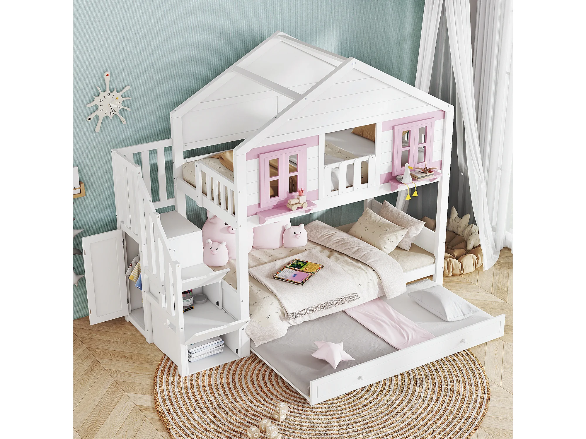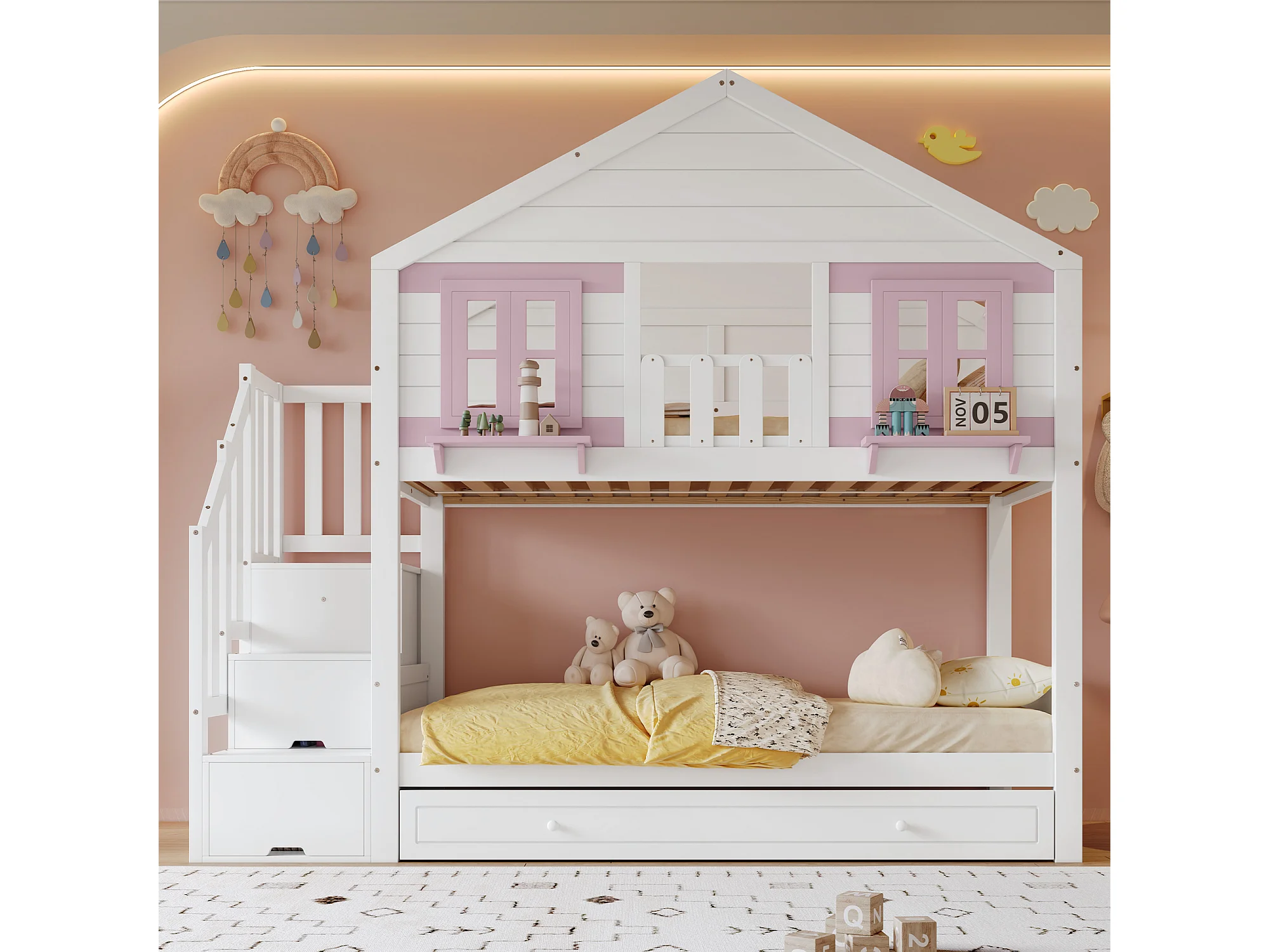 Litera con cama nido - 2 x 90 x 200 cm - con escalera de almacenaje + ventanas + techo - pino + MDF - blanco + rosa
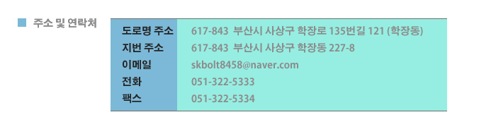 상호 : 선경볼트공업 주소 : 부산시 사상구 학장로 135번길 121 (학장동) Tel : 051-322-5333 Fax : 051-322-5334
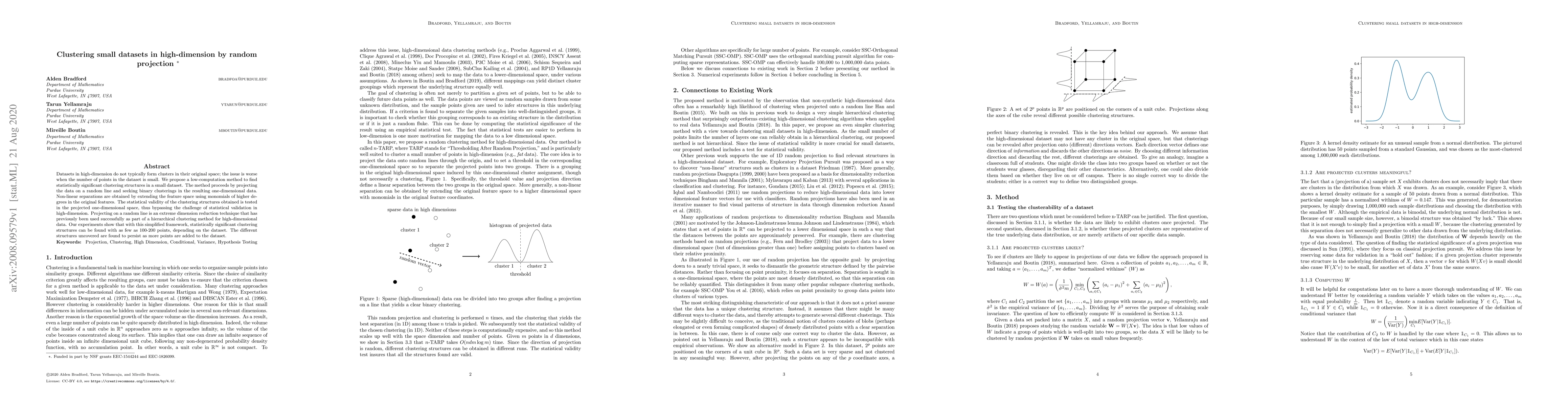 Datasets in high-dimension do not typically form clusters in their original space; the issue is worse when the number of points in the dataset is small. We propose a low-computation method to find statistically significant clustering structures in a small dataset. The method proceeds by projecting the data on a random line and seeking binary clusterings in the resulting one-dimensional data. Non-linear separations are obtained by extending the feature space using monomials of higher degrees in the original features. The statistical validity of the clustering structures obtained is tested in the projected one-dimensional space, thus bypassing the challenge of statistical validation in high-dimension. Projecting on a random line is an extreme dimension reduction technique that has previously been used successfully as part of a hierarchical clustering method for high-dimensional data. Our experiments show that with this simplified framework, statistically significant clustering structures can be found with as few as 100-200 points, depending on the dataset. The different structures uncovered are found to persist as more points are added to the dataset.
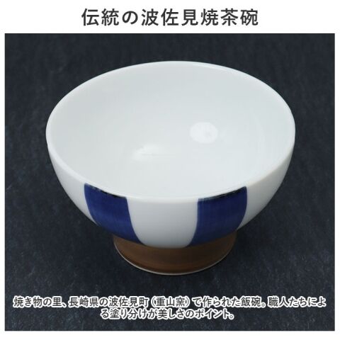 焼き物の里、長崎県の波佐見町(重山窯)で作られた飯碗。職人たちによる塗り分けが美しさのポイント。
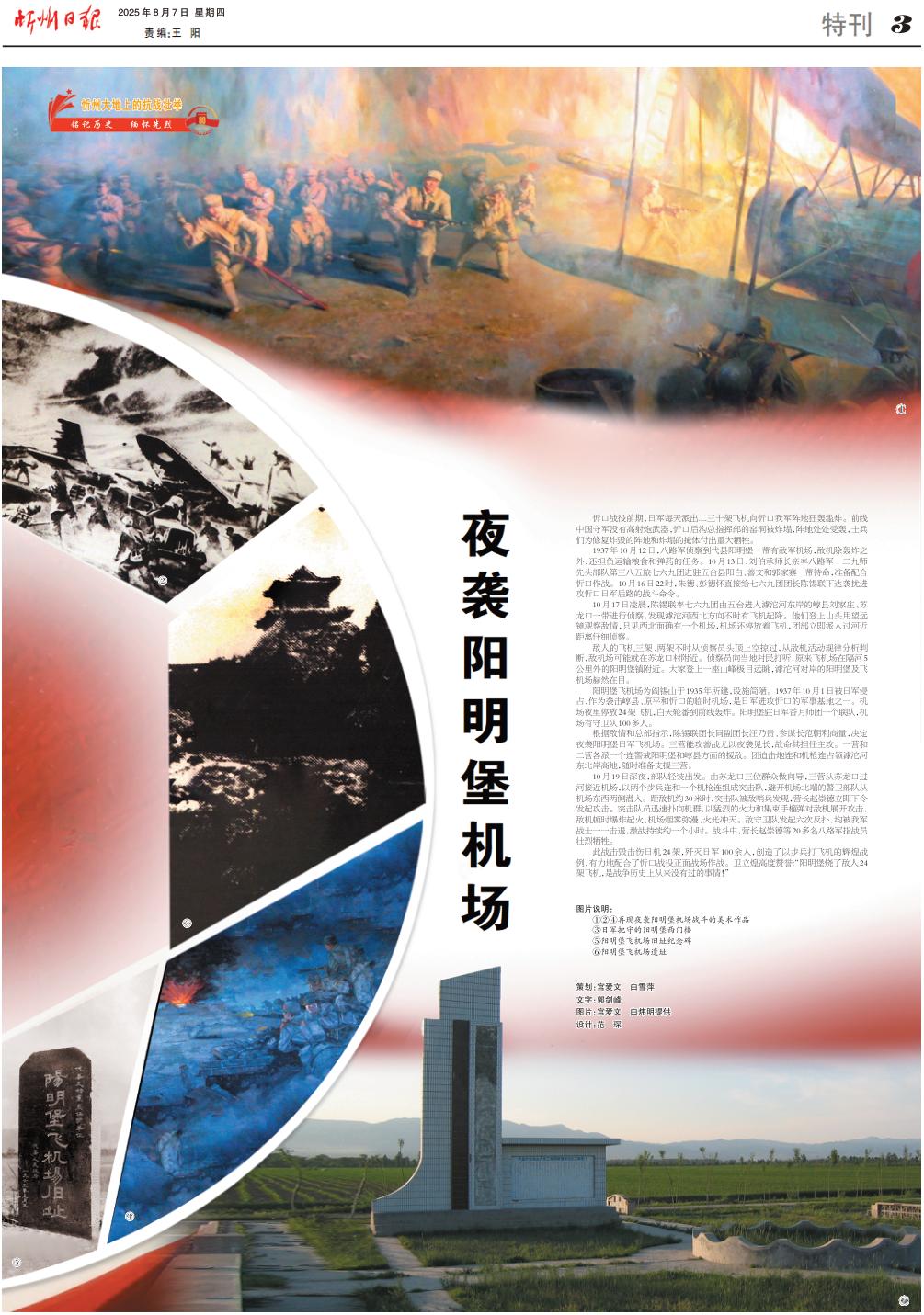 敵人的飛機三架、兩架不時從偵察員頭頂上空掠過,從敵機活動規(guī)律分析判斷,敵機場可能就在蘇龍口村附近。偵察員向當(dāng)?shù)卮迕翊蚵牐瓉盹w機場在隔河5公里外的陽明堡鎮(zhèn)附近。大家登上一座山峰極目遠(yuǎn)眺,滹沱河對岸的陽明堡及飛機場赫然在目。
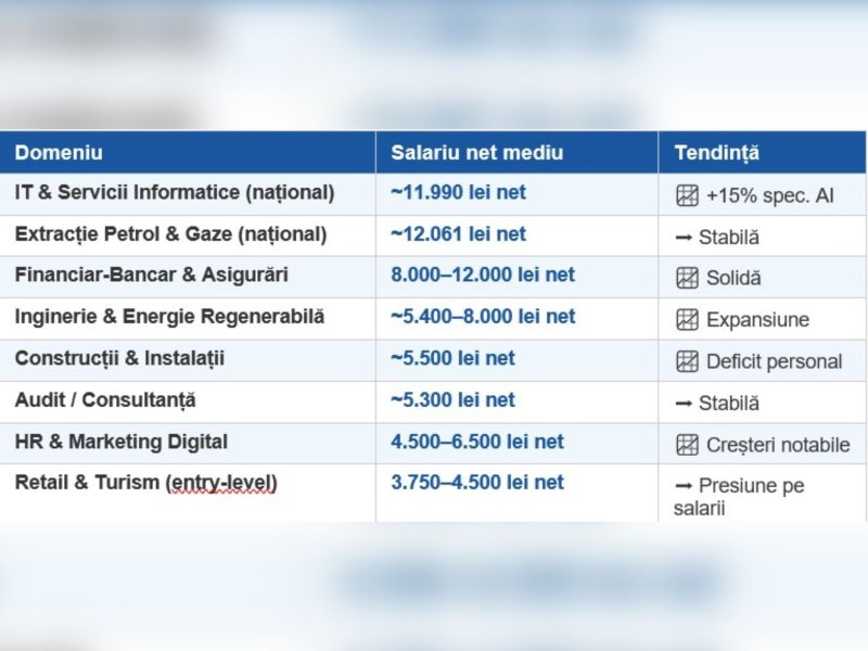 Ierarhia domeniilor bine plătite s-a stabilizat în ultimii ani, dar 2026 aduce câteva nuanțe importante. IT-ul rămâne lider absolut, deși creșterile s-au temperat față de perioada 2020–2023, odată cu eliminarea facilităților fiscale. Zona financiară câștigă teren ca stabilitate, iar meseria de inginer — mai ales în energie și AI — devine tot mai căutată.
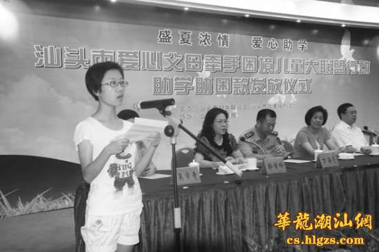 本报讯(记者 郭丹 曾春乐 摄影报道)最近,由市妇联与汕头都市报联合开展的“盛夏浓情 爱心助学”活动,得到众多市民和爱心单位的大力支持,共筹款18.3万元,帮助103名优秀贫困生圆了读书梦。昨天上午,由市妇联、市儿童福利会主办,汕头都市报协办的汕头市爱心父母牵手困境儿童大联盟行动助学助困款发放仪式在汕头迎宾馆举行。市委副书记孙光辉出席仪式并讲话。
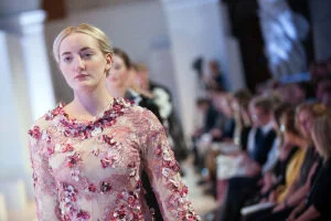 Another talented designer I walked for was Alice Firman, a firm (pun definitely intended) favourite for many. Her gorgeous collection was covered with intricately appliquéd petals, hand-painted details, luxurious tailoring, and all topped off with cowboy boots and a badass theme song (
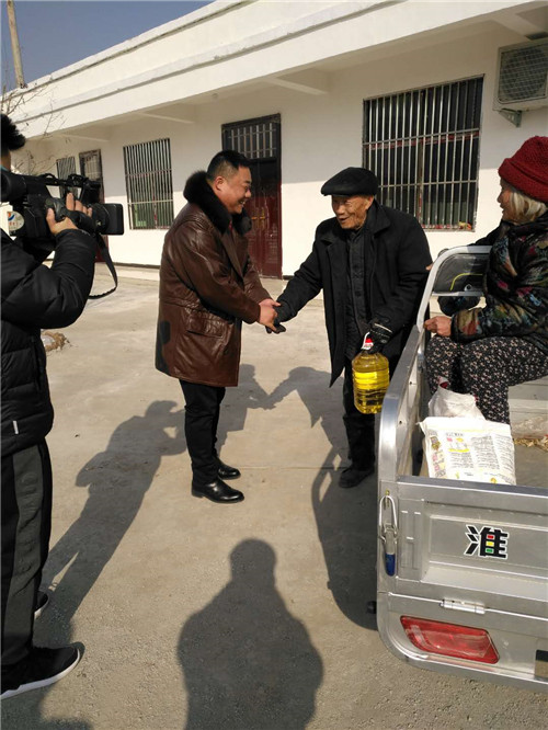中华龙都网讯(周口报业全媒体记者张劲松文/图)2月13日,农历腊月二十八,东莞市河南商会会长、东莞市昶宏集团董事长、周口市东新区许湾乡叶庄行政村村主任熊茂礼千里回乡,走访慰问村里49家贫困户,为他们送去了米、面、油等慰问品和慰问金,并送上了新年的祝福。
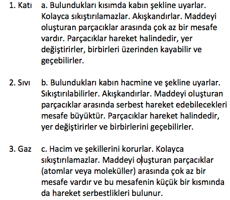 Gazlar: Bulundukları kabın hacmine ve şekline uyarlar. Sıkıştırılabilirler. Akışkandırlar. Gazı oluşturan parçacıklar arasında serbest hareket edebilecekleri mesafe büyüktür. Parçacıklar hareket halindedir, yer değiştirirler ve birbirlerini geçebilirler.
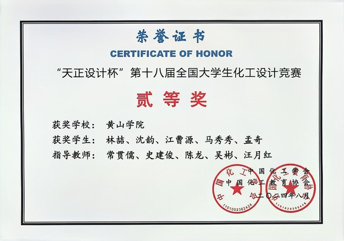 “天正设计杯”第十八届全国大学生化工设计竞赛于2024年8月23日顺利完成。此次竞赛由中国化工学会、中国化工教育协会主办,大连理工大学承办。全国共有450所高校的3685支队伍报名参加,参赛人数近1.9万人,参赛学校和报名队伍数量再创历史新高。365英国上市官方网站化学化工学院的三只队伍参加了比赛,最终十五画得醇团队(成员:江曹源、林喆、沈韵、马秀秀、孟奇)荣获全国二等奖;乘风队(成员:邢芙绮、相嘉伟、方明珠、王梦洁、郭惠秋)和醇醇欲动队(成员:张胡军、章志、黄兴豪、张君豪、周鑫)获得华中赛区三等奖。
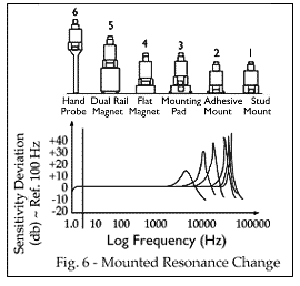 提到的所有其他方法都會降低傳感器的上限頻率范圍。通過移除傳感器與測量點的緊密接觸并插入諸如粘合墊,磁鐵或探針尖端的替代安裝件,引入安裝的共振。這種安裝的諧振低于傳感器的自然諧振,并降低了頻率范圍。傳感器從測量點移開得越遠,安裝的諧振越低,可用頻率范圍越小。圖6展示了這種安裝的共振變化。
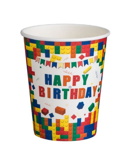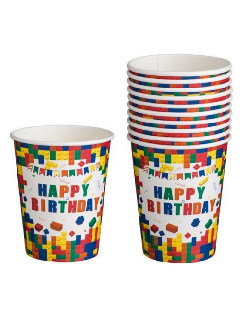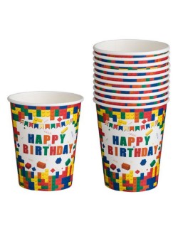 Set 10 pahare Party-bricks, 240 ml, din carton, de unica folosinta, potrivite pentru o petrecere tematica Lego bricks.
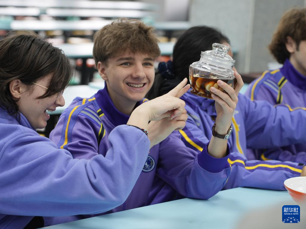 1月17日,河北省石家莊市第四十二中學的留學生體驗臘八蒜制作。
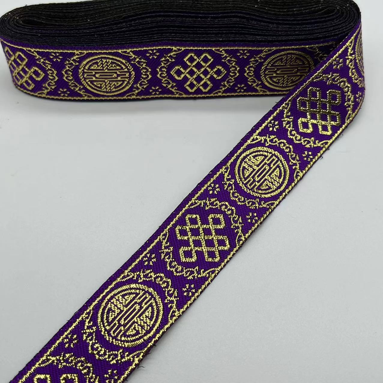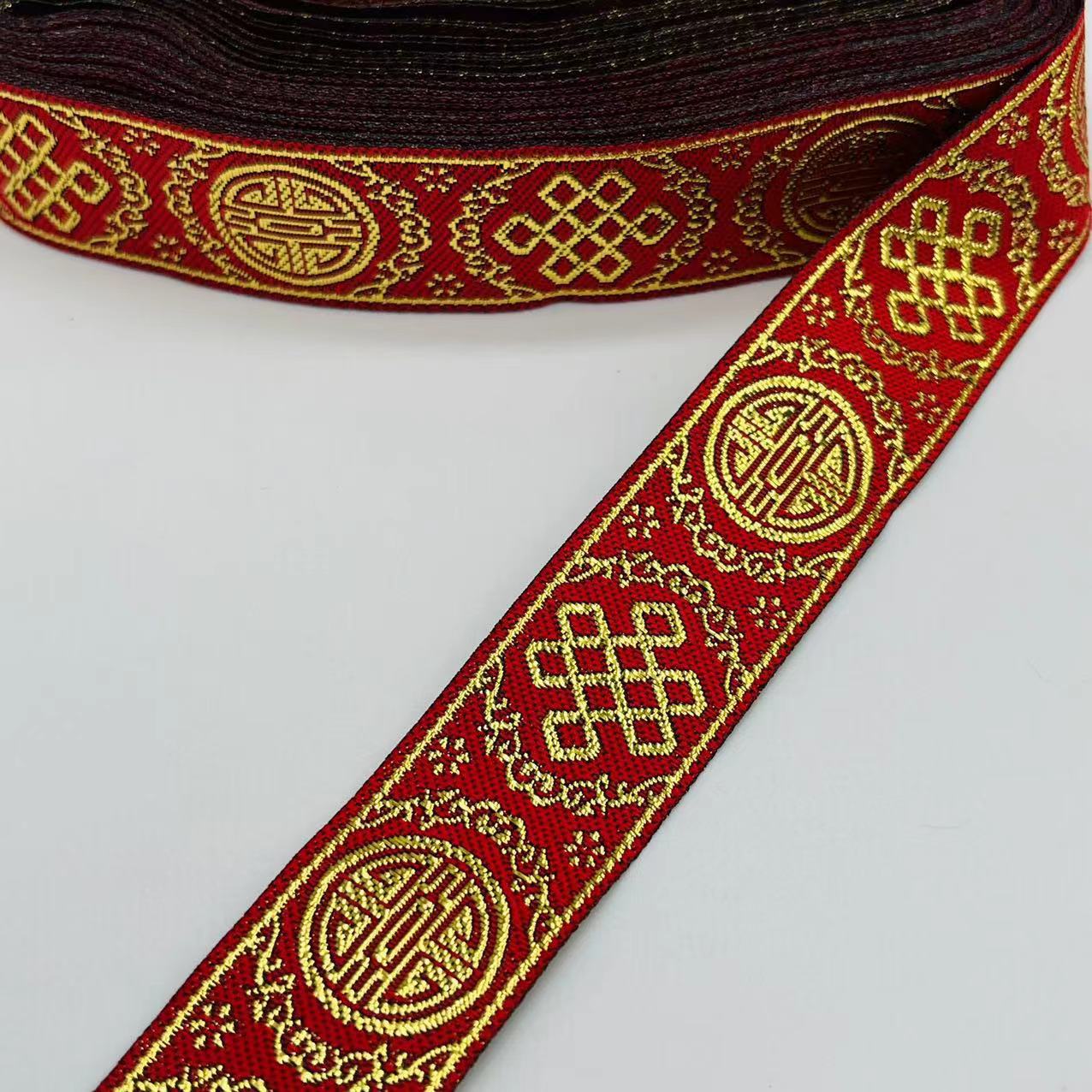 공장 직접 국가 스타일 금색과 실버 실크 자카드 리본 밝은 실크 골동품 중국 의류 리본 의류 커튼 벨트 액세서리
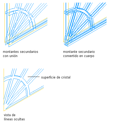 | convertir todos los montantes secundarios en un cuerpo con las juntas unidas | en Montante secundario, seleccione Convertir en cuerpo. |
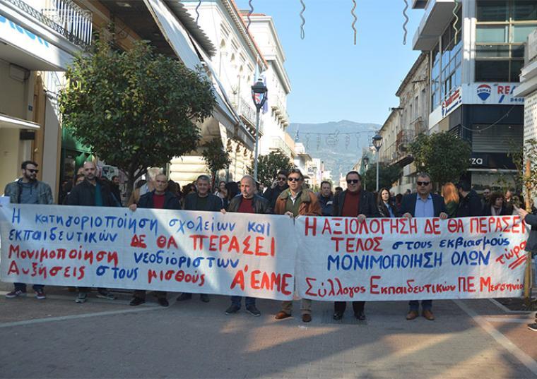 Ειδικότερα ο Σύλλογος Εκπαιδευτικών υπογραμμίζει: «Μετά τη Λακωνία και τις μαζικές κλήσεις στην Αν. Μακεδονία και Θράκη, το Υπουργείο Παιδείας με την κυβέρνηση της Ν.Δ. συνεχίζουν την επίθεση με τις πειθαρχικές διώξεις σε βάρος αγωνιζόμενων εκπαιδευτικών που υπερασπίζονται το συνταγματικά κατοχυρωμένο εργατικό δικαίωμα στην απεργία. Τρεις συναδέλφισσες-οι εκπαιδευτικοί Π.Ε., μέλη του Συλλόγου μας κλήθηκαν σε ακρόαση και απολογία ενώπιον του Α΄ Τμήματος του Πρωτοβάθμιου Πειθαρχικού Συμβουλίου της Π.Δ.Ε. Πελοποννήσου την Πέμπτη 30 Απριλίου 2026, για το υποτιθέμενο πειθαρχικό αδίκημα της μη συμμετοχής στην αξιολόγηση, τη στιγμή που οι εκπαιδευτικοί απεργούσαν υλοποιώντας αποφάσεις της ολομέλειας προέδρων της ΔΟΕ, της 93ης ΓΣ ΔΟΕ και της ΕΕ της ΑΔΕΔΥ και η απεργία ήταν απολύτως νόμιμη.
•••••
• _Exercise directions_: Only the lines from where the data begins to the line with "상호 : 선경볼트공업", both of them included, should be reproduced word for word; no pictures.

• _Reply_:
 Litera con cama nido - 2 x 90 x 200 cm - con escalera de almacenaje + ventanas + techo - pino + MDF - blanco + rosa
 상호 : 선경볼트공업 주소 : 부산시 사상구 학장로 135번길 121 (학장동) Tel : 051-322-5333 Fax : 051-322-5334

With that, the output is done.